Go-Specific Notes: The Go implementation mirrors the Python logic. String slicing and indexing are used carefully since Go treats strings as byte arrays. There is no need for additional handling of nil values or overflow since all calculations are well within integer bounds.

Worked Examples

For "?5:00", hour has '?' at first position and second digit is 5. Since 5 > 3, first digit can be 0 or 1, so hour_options = 2. Minutes are fixed, so minute_options = 1. Total = 2 * 1 = 2.

For "0?:0?", hour first digit is 0 and second is '?', so hour_options = 10. Minute first digit is 0 and second is '?', so minute_options = 10. Total = 10 * 10 = 100.

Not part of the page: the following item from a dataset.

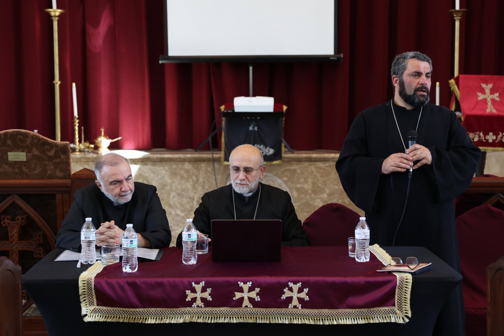 Ամերիկայի Միացեալ Նահանգներու Արեւմտեան Թեմի Պատգամաւորական 98-րդ ժողովի նախորդող օր, Հինգշաբթի Մայիս 1-ի յետմիջօրէին, նախագահութեամբ Արեւմտեան Թեմի Առաջնորդ՝ Գերաշնորհ Տէր Յովնան Արք. Տէրտէրեանին եւ հիւրընկալութեամբ Անապատի Սուրբ Կարապետ Հայաստանեայց Առաքելական Եկեղեցւոյ, գումարուեցաւ Թեմի Հոգեւորականաց Ժողովը մասնակցութեամբ Թեմի հոգեւորականաց դասուն: Բացման աղօթքին սկիզբը Սրբազան Հօր առաջնորդութեամբ «հոգւոց» կարդացուեցաւ Արեւմտեան Թեմի հոգելոյս Առաջնորդներու եւ հոգեւորականներու յիշատակին։ Սրբազան Հայրը ապա իր խորհրդածութիւնը կեդրոնացուց Նոր Կիրակիի ճաշու Աւետարանէն քաղուած հետեւեալ հատուածին շուրջ․- «Եղեւ այր մի առաքեալ յԱստուծոյ, անուն նմա Յովհաննէս: Սա եկն ի վկայութիւն, զի վկայեսցէ վասն Լուսոյն, զի ամենեքին հաւատասցեն նովաւ: Ոչ էր նա Լոյսն, այլ զի վկայեսցէ վասն Լուսոյն» (Յհ 1:5)։ Սրբազանը ըսաւ, որ «որպէս հոգեւորականներ, Յովհաննէս Մկրտիչի կեանքը մեզի մտածել կու տայ մեր քահանայական կոչումի մասին, որ մեր ծառայական կեանքի ընթացքին որպէս ընտրեալները Աստուծոյ պարտինք մենք եւս վկայութիւն տալ Տիրոջ եւ Փրկչին Յիսուս Քրիստոսի մասին»։ Սրբազանը աւելցուց, որ քահանայական ուխտն ու կոչումը մեզ կը պարտաւորեցնեն Եկեղեցւոյ ծառայութեան քաղցր լուծը վերցնելու եւ մեր հոգեմտաւոր կեանքին առանցքը Քրիստոսը դարձնելու։

For "??:??", all digits unknown. Hour options = 24, minute options = 60, total = 24 * 60 = 1440.

Step "?5:00" "0?:0?" "??:??"
Hour Options 2 10 24
Minute Options 1 10 60
Total Valid Times 2 100 1440

Complexity Analysis

Measure Complexity Explanation
Time O(1) Constant time computation based on string positions
Space O(1) Only a few integer variables used, no extra data structures

The reasoning is that we only perform a fixed number of checks (at most 4 for hour and minute digits), so time does not depend on the input size. Space is minimal since we store only intermediate counts.

Test Cases

assert Solution().countTime("?5:00") == 2  # single unknown hour digit
assert Solution().countTime("0?:0?") == 100  # multiple unknown digits
assert Solution().countTime("??:??") == 1440  # all unknown digits
assert Solution().countTime("23:59") == 1  # no unknowns
assert Solution().countTime("2?:?9") == 20  # hour first digit fixed, second unknown, minute second digit fixed
assert Solution().countTime("?3:?0") == 24  # hour first unknown, second digit 3; minute first unknown, second digit 0
Test Why
"?5:00" Tests single unknown digit in hours
"0?:0?" Tests unknown digits in both hours and minutes
"??:??" Tests all digits unknown
"23:59" Tests no unknown digits (fixed time)
"2?:?9" Tests upper bound hours with unknowns
"?3:?0" Tests combination of known and unknown digits for hour and minute

Edge Cases

One important edge case is "??:??", where every digit is unknown. This is a source of potential overflow or miscount if one tries to enumerate all combinations instead of using multiplication.